Source material START

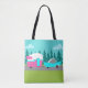 This Retro Camper / Trailer and Car All-Over Printed Tote Bag features a mid century modern, minimalist cartoon drawing that will leave you ready to take to the open road. An homage to the 1950s, this design features a vintage turquoise car with white top, pulling a kitschy travel trailer to its final destination. The perfectly restored, retro RV has a hot pink lower half, white top half, and a turquoise lightning bolt separating the two. The door in the side of the camper is also turquoise. The final accent is the hot pink wing protruding from the back of this home on wheels. The happy campers are motoring down a grey road. The roadway is surrounded by lush, green grass. In the background, we can see the teal silhouettes of a veritable forest of cedar trees, against an aqua sky with puffy, light blue clouds. This design is perfect for everyone from retired hippies, fledgling hipsters, or anyone who wants to relive some great childhood memories. The best part is that no one is asking, "Are we there yet?"
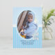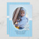 A sweet juvenile photo invitation with blue and grey stripes, an oval photo window and a little elephant motif.
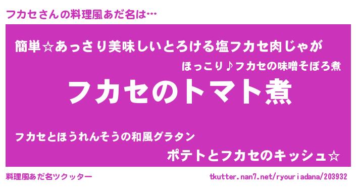 | 可愛いあだ名 | 『フカちゅっちゅ』『フカセママ』 |
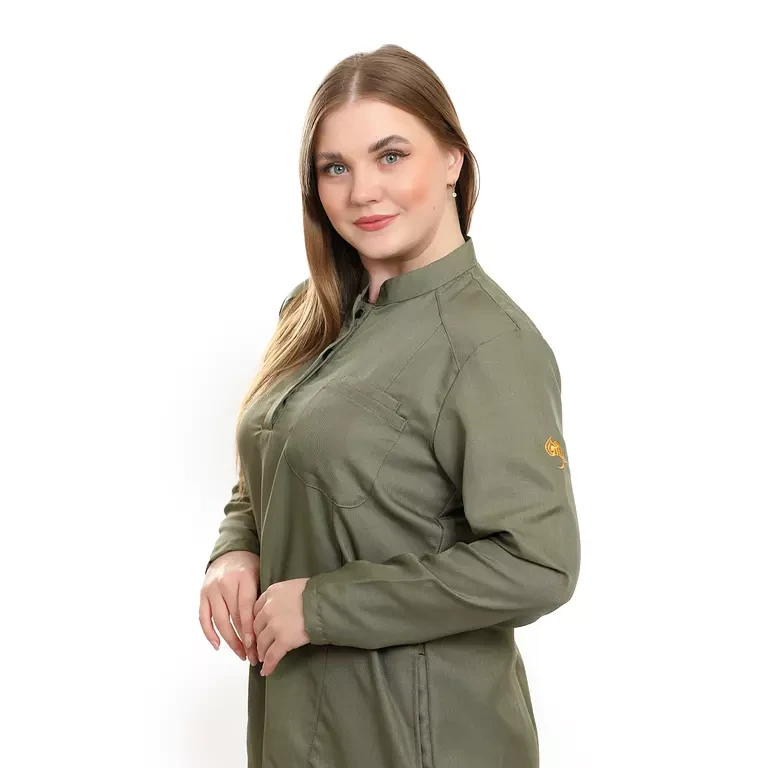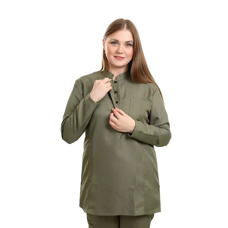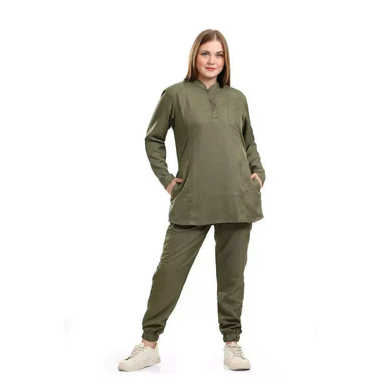 Name: Olive Female Half Collar Scrub (Full Sleeves)
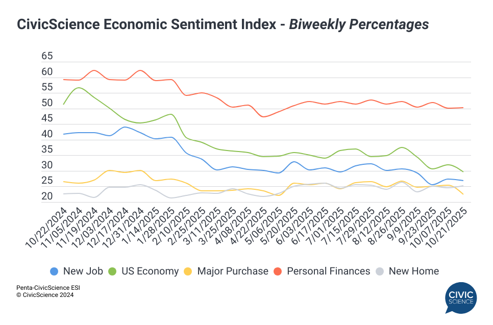 Turns out, a prolonged government shutdown doesn’t help consumer confidence. Our Economic Sentiment Index reached its lowest point in over three years this week, as a multitude of factors – pesky inflation, tightening labor markets, and Washington incompetence – weigh on Americans’ hearts and wallets. Confidence in major purchases like cars, large appliances, and furniture have taken the biggest hit, as consumers fall deeper into a wait-and-see mindset. Longer-term optimism for the U.S. economy dropped steeply as well, betraying any faith people have in our leaders to steer us out of it. I remain skeptical that these macroeconomic woes will hurt the holiday retail season too badly, because people still feel alright about their personal finances. Q1 of next year (and beyond) is another story.

Source material END

# [Directions for this task]
Please set down the records above word for word and omit their pictures.

# [Response to the exercise]
 This Retro Camper / Trailer and Car All-Over Printed Tote Bag features a mid century modern, minimalist cartoon drawing that will leave you ready to take to the open road. An homage to the 1950s, this design features a vintage turquoise car with white top, pulling a kitschy travel trailer to its final destination. The perfectly restored, retro RV has a hot pink lower half, white top half, and a turquoise lightning bolt separating the two. The door in the side of the camper is also turquoise. The final accent is the hot pink wing protruding from the back of this home on wheels. The happy campers are motoring down a grey road. The roadway is surrounded by lush, green grass. In the background, we can see the teal silhouettes of a veritable forest of cedar trees, against an aqua sky with puffy, light blue clouds. This design is perfect for everyone from retired hippies, fledgling hipsters, or anyone who wants to relive some great childhood memories. The best part is that no one is asking, "Are we there yet?"
 A sweet juvenile photo invitation with blue and grey stripes, an oval photo window and a little elephant motif.
 | 可愛いあだ名 | 『フカちゅっちゅ』『フカセママ』 |
 Name: Olive Female Half Collar Scrub (Full Sleeves)
 Turns out, a prolonged government shutdown doesn’t help consumer confidence. Our Economic Sentiment Index reached its lowest point in over three years this week, as a multitude of factors – pesky inflation, tightening labor markets, and Washington incompetence – weigh on Americans’ hearts and wallets. Confidence in major purchases like cars, large appliances, and furniture have taken the biggest hit, as consumers fall deeper into a wait-and-see mindset. Longer-term optimism for the U.S. economy dropped steeply as well, betraying any faith people have in our leaders to steer us out of it. I remain skeptical that these macroeconomic woes will hurt the holiday retail season too badly, because people still feel alright about their personal finances. Q1 of next year (and beyond) is another story.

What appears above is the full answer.